Items from a data source:
◆ ◆ ◆ ◆ ◆ ◆ ◆

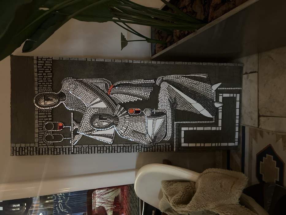 This image depicts an indoor scene in Rostov-on-Don, Russia. The primary subject is a large, vertical mosaic panel, approximately 2 meters in height, centered within the frame. The mosaic portrays two stylized human figures rendered in grey, white, and limited reddish-orange mosaic tiles against a dark grey, textured background with a block-patterned border. The upper figure, standing, holds a tray with two wine glasses containing reddish liquid. The lower figure, seated, holds a single wine glass also containing reddish liquid. Both figures exhibit simplified facial features. To the left of the mosaic, a cream-colored chair with a beige, textured throw blanket is partially visible. Behind the chair, an obscured reflection or window shows reddish linear elements and indistinct blue patterns on a distant surface. To the right of the mosaic, a rectangular, dark grey planter contains a tall green plant with broad leaves. The floor is covered with light-toned, irregularly shaped tiles with visible grout lines, transitioning to a patterned rug segment on the far left. The wall directly behind the mosaic is a plain, light color. The scene is illuminated by indirect lighting, causing specular reflections on the mosaic's lighter tiles.
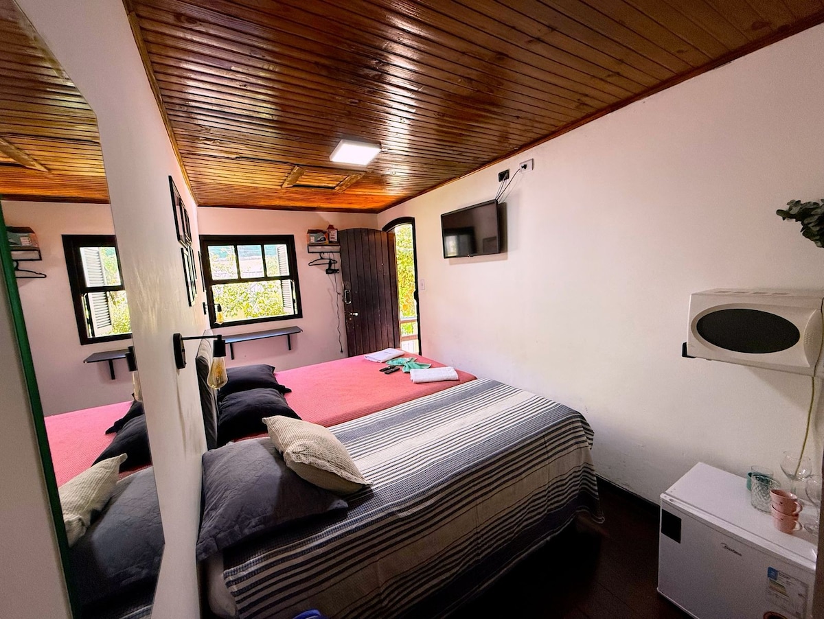 Każdy szczegół studia Pura Vista został dokładnie przemyślany, aby można było poczuć się jak w domu, komfortowo i stylowo. * Zbudowane z naturalnych elementów, ponowne użycie drewna i mnóstwa uroku!!! * Prywatny balkon * Szklana ściana z ekskluzywnym i panoramicznym widokiem na cały kompleks Pedras do Baú * Mini kuchnia w stylu vintage, gotowa * Wi-Fi przez radio * 300 wątków pościeli bawełnianej, ręczników i dobrych poduszek * Niezależny dostęp i bezpieczny parking
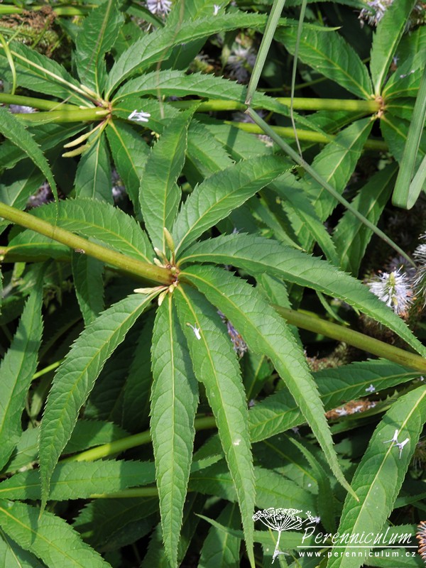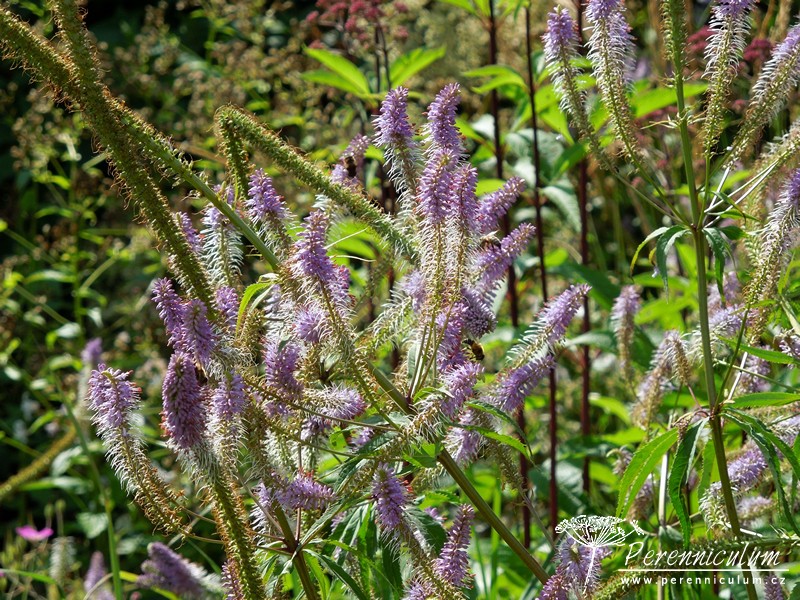 Veronicastrum virginicum je domácí trvalkou východní části Severní Ameriky, kde roste na loukách, prériích, ve světlých lesích a křovinách. Na vysokých přímých stoncích vyrůstají po 3 až 6 v přeslenech úzké, kopinaté, až 20 cm dlouhé listy. Nad posledním přeslenem listů se stonek obvykle větví, aby dal vznik několika hroznovitým, úzkým, špičatým květenstvím. Centrální (primární) hrozen se otevírá jako první a asi v půlce jeho kvetení začínají nakvétat sekundární hrozny, které jej v kruhu obklopují. Sekundární hrozny jsou obvykle kratší a užší. Květenství s poupaty se objevuje od června, ale naplno kvete až během července a srpna. Po odkvětu zůstává Veronicastrum virginicum atraktivní svými plodenstvími, která drží pohromadě (nerozpadají se) dlouho do zimy. Velmi dobře se kombinuje s vysokými trávami či trvalkami s kontrastním kulovitým květenstvím (např. Echinops ritro, Eryngium sp.). Díky své výšce se hodí spíše do pozadí perenového rabata.
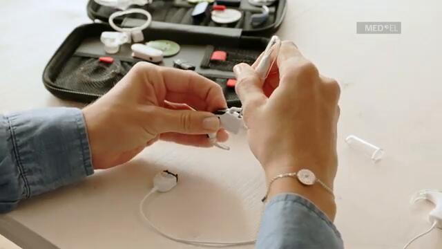 Adult children the cable and the connection in MED-EL Good clothes and t-shirt connecting cochlear implant color brown dark glitter. Vivi clothes so far inside clothing and sports example run and scooter bike wheel !?
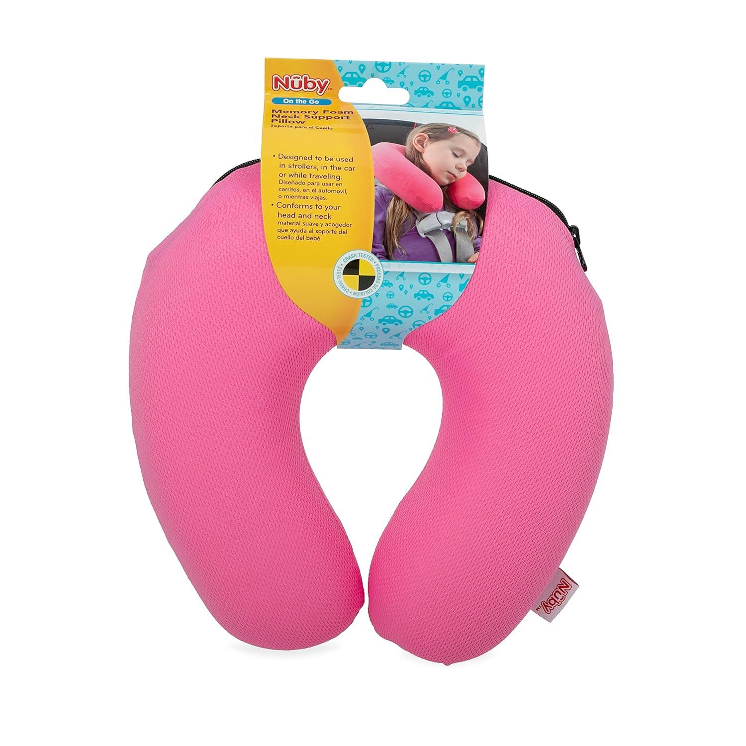 The Nuby Memory Foam Travel Pillow is a lightweight and compact travel neck pillow designed with your child's safety, convenience, and comfort in mind. This travel neck pillow is made with plush memory foam to make travel more comfortable for you and your child. The soft memory foam cradles and supports your child's neck, preventing uncomfortable angles and head bouncing during travel. We believe your child's safety is always a priority. It's also machine washable and features a zip enclosure for easy and thorough cleaning after travel. Our Nuby pillows are thoughtfully designed for little hands to explore. Make travel time just a little easier for you and your kids with the Nuby Memory Foam Travel Pillow!
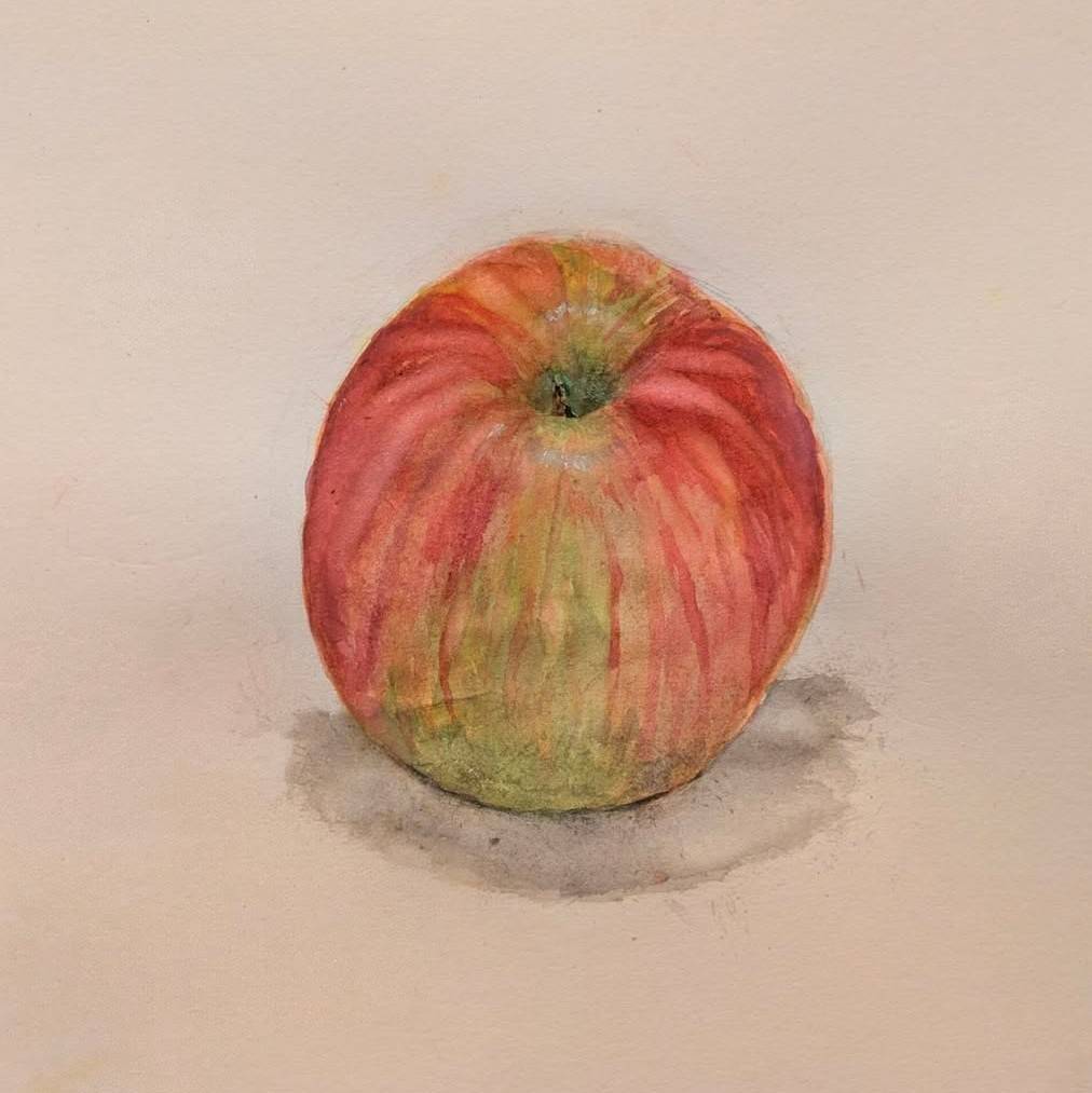 中学1年生がりんごをモチーフに水彩画にチャレンジしました。
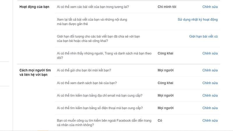 Ngoài ra, bạn còn có thể khóa được người có thể xem thông tin bạn bè của bạn. Chọn vào cài đặt Facebook trên máy tính. Sau đó chọn vào phần Quyền riêng tư và thay đổi quyền riêng tư mọi người thành bạn bè hay chỉ mình tôi.
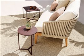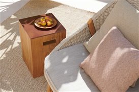 Shindi outdoor carpet from Tribu woven from coated polyester. Available in 3 different colours.
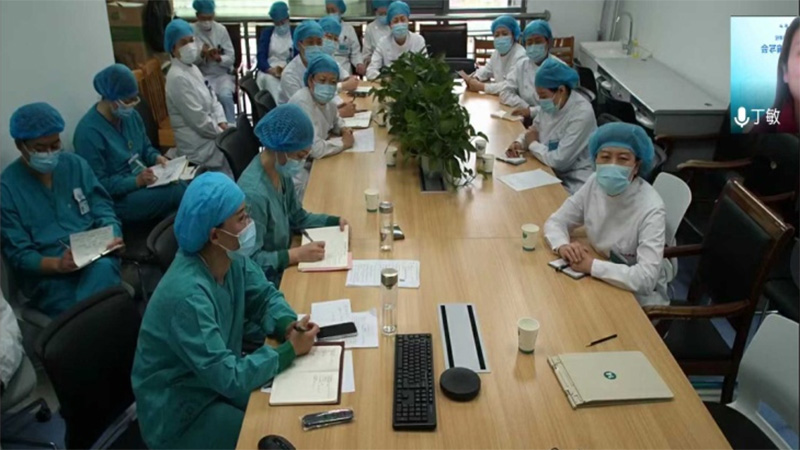 按照护理部统筹安排,中心院区危重症护理组组织相关人员进行远程会诊。会诊由危重症护理组顾问、重症医学一科护士长丁敏主持,神经外科护士长张丽,创伤骨科护士长宋玉芝,重症三科护士长、营养护理组组长韩瑜,呼吸治疗护士李宝宝,以及在青海海北执行医疗帮扶任务的危重症护理组组长、心外ICU护士长郑静全程在线参加会诊。
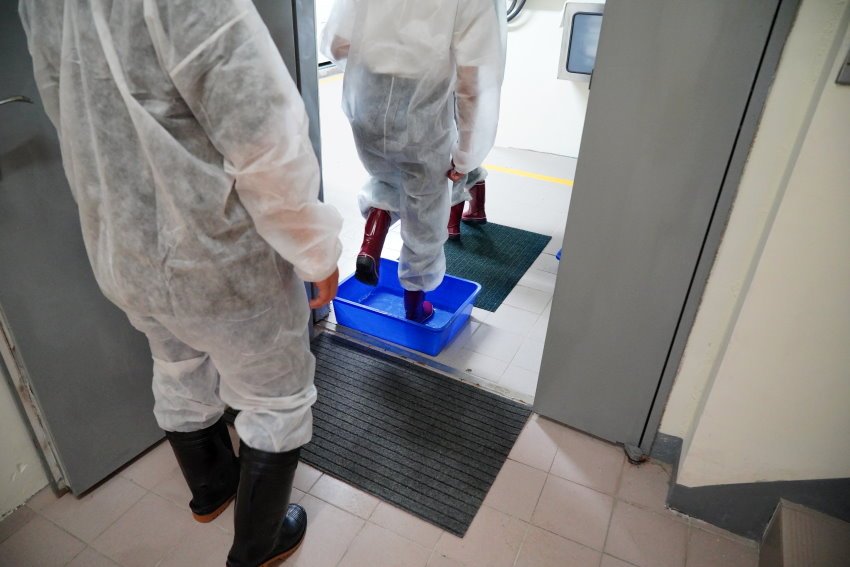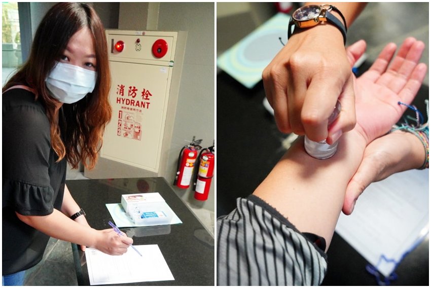 ▼消毒也很嚴格,需要先踏進消毒毯、消毒水、消毒毯之後,再噴酒精消毒雙手!

◆ ◆ ◆ ◆ ◆ ◆ ◆

» WORK TO BE COMPLETED
Quote only the lines that start at the line holding "按照护理部统筹安排,中心院区" and end at the last line of the entries, including both of those lines, and omit every picture.

» RESULT OF THE EXERCISE
 按照护理部统筹安排,中心院区危重症护理组组织相关人员进行远程会诊。会诊由危重症护理组顾问、重症医学一科护士长丁敏主持,神经外科护士长张丽,创伤骨科护士长宋玉芝,重症三科护士长、营养护理组组长韩瑜,呼吸治疗护士李宝宝,以及在青海海北执行医疗帮扶任务的危重症护理组组长、心外ICU护士长郑静全程在线参加会诊。
 ▼消毒也很嚴格,需要先踏進消毒毯、消毒水、消毒毯之後,再噴酒精消毒雙手!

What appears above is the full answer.